Supporting non-standard configurations costs money (both in direct and indirect ways, such as developer attention and time lost triaging bugs, etc.), they don't want to spend the money on it.
All the major Chrome-like competitors like Brave and Edge already uses their own sync engine, so the only users they're punishing are the users of Chromium.
If you want to use a Google account and Google sync/other services you may as well just use Chrome anyways. To me the entire point of packaged Chromium is that it is Google-free.
It's entirely the point until it isn't, such as when you (or the distro package maintainer) want's to change something only available in compile time. E.g. up until recently I had to compile with certain options to be able to pass the runtime flag for native Wayland integration.
Or of course the many benefits of free software that many champion yet strangely never use and simultaneously become confused at when someone else do.
The number of times I've seen Reddit's r/linux users react with confusion to ire when someone actually makes changes to the source code to suit his own personal needs is bizarrely large.
This may be a positive in the long run.
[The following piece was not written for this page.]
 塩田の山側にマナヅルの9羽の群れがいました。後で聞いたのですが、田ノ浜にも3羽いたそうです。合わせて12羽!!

Google continues to disproportionately piss off people who the power to do something about it, by making Chromium less appealing. Of course many will go back to Chrome, but hopefully a significant amount of people will work on technology outside Google, making the internet a better place.
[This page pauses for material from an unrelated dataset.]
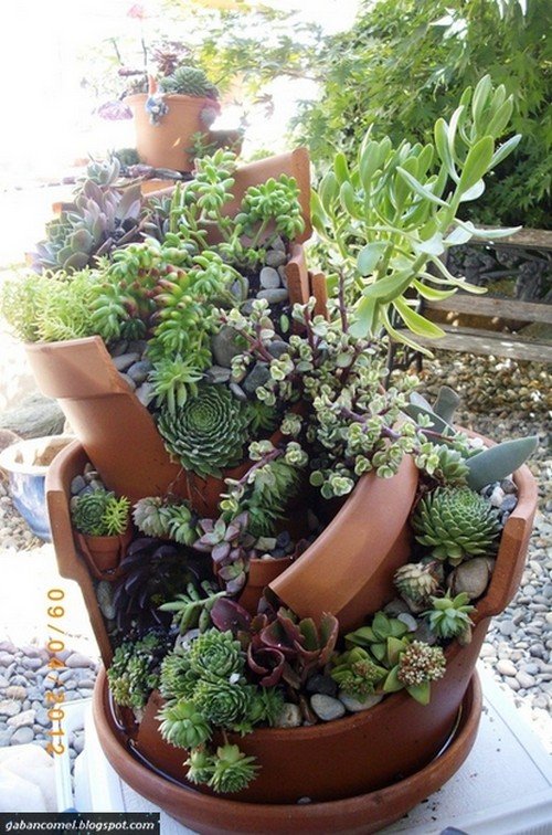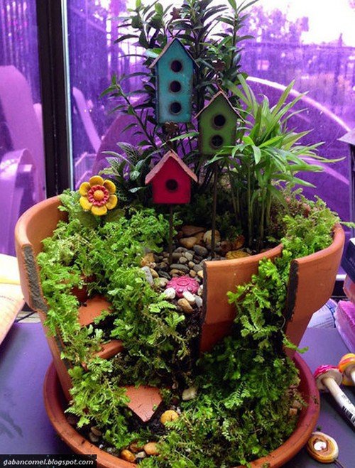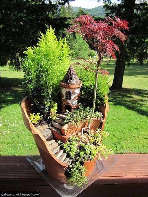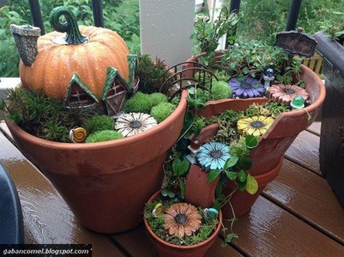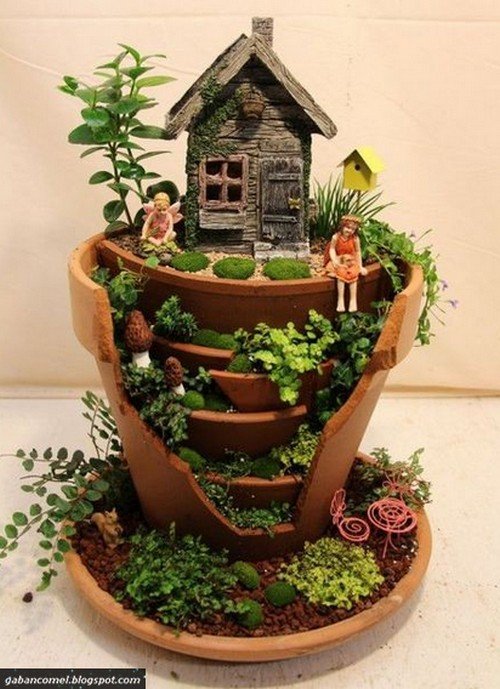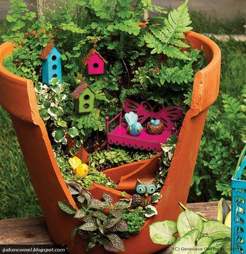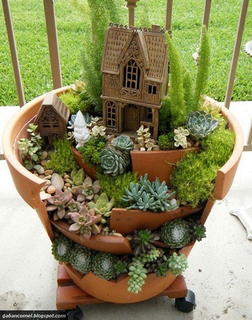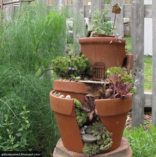 Dengan pecahan pasu-pasu bunga, pasu disusun menjadi seakan rumah untuk pelbagai tanaman dan bunga cantik. Bahkan anda boleh menambah figurin kecil seakan penghuni pasu bunga tersebut. Lihat pasu-pasu cantik berikut ini, siapa tahu jadi inspirasi menghias taman bagi anda.

If you're not using Chrome proper, you likely have a reason for using Chromium, and Google's sync is not, by default, end to end encrypted (the key is derived from your Google account pass phrase which Google regularly has access to).
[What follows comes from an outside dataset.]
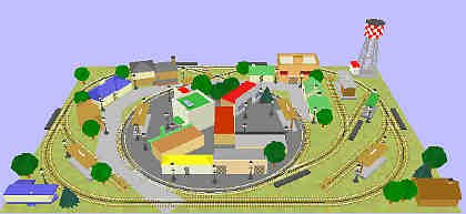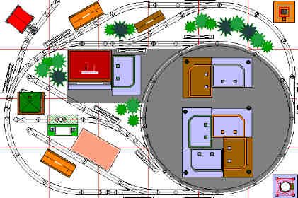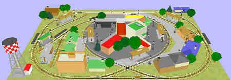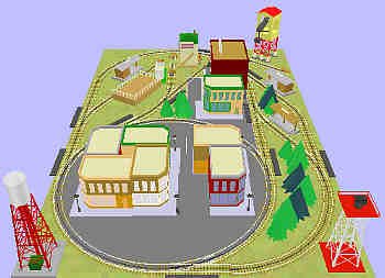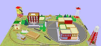 Our example is the "edge of town." You have the ability to do freight drills, use operating trackside accessories, and even have a commuter system linking "town" with the outlying suburbs.

We really should be decoupling the use of Google software from Google services.
The difference is somewhat meaningless. It will be gone very soon regardless of what fedora does. Cutting it off early means they can time it with a release so people get the release notes rather than it just stopping working without having updated.
Isn't Brave yet another adware? I thought they had identifying tokens and were editing urls to put their affiliates codes? Or did they stop doing those horrors?
There used to be a Python sync server used in the Chromium project that was used to test sync functionality. Someone discovered this and yanked out the relevant code to enable self hosting.
Pretty sure Chromium based edge does not sync to google
> The reasoning given for this change? Google does not want users to be able to "access their personal Chrome Sync data (such as bookmarks) ... with a non-Google, Chromium-based browser.
I actually use this for having one google profile running in two browsers on one computer (one with a proxy, one without).
Sucks quite a bit as this is the primary sync system for Chromium. You can run your own but that is not quite that nice.
Didn't Microsoft replace all Google APIs with its own alternatives? This change probably will have bigger impact for other browsers built on Chromium, like Brave, Opera, Vivaldi etc.
It has been like that in (my) Linux for a long time? This isn't new by any means.
Lemme check.
Current version:
Version 88.0.4324.50 (Developer Build) Ubuntu 18.04 (64-bit)
It looks like I installed this OS in July of this year, which means Chromium would have been installed in July of this year - the 5th to be exact.
When started, it gives a warning about not having certain APIs and lacking functionality because of this.
It has done that since at least July of this year. I'm sure it did so before that, but I can only show that I've had this installed since July of this year.
This isn't even remotely new. Whatever version it was that I installed back in July did the same thing, or should I say didn't do the same thing? It hasn't had sync enabled since day one.
I currently have Lubuntu 18.04 and Chromium is installed by way of .deb channels - not a snap.
Most interesting to me is that even though the Chrome team specifically provided API keys for open-source Chromium builds to use back in 2013, they are now claiming that "the Terms of Service don't allow this usage, and [the previous developer] didn't have authority to change the terms."